By M.T. Decker

“May your Christmas wish come true, now and evermore.”

I could feel my pulse race as I read the inscription on the Christmas Star my wife had placed on top of the tree.

These were the words that had drawn me to the star 30 years ago when I was too naive to know better. The star promised something I’d never had: time with my dad. These were the words that had cursed me as well.

I thought I’d lost the thing, but, no, my mother had kept it, and when we moved, she’d sent it as a housewarming gift and my wife, had placed it on the tree as a surprise.

My mom had bought it at the second store we frequented back then. It wasn’t in Buckley, but the next town over. Mom always bought my clothes there to cut down on the chances of one of my classmates recognizing it as something they’d outgrown.
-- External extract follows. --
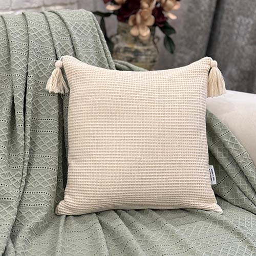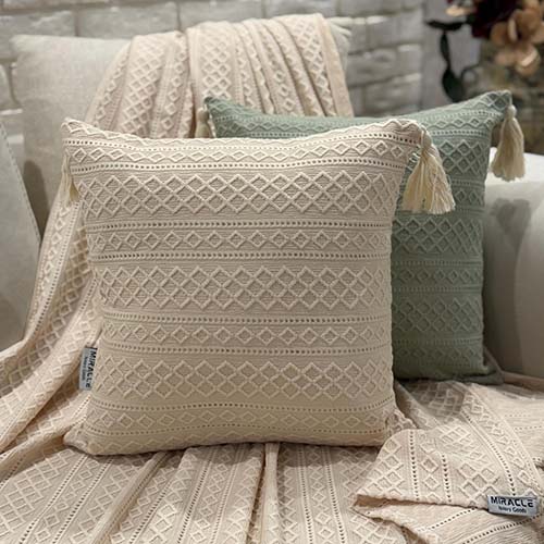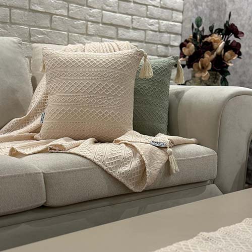 کاور کوسن بوهمی طرح لوزی رنگ استخوانی

We didn’t have much back then, but mom always went all out on the holidays. She knew I wanted and loved that star. Though she didn’t know why she bought it just the same.

She gave it to me on Black Friday to make up for all the gifts I wouldn’t get, and I knew how hard she’d worked to get that star and it made all the more precious.

From that day until Christmas Eve, I wished for time with my father. Just one hour. Thirty wishes… and ever since then, a dead stranger comes and we sit in uncomfortable silence until the hour is past and we can both move on.

This is the 30th year since I made my wish; I don’t know if I’m afraid he’ll show up, or that he won’t.